We are of the confirmed opinion that continuation of the criminal proceedings against Appellants 1, 2 and 3 pursuant to this FIR is an abuse of process of law. In the interest of justice, therefore, the FIR deserves to be quashed insofar as it relates to Appellants 1, 2 and 3.” 24. In the present case also, the cheque was issued by the complaint in favour of accused No.1 company on 10.09.2007, and the complaint was lodged on 06.11.2015 i.e. after 8 years after the issuance of cheque. The complainant did not take any steps to initiate complaint against the petitioners for a long period of eight years. For the reasons best known to the complainant, he has initiated criminal proceedings after 8 years from the date on which the cheque was issued. 25. In cases where there is a delay in lodging a FIR, the Court has to look for a plausible explanation for such delay.
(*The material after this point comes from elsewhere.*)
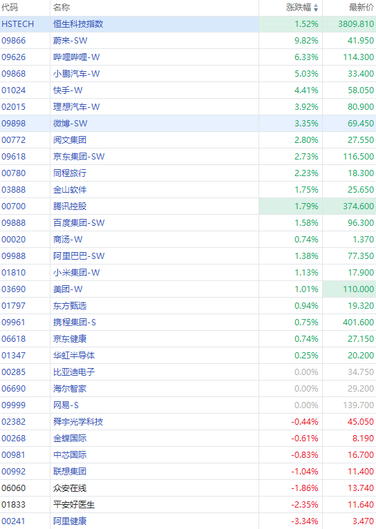 其他科网股方面,哔哩哔哩-W涨超6%,富瑞预计,哔哩哔哩第三季实现经调整运营亏损平衡,维持“买入”评级;快手-W涨超4%,大摩发研指,对快手未来1至2年的股价前景更加乐观,看好基本面发展带来盈利,全年广告收入将同比增长25%;微博涨超3%,中信建投指其垂类内容规模持续增长并占比40%,有望进入新一轮广告上行周期。

In absence of such an explanation, the delay may be fatal. Further, the court proceedings ought not to be permitted to degenerate into a weapon of harassment and persecution. In such a case, where an FIR is lodged clearly with a view to spite the other party because of a private and personal grudge and to enmesh the other party in long and arduous criminal proceedings, the court may take a view that it amounts to an abuse of the process of law in the facts and circumstances of the case. Therefore, the criminal petition deserves to be allowed. 26. Accordingly, the criminal petition is allowed. The proceedings against the petitioners herein in C.C.No.699 of 2018 on the file of the Principal Junior Civil Judge – cum – Judicial Magistrate of First Class, Eluru, West Godavari District are hereby quashed. 27. The miscellaneous petitions pending, if any, shall also stand closed.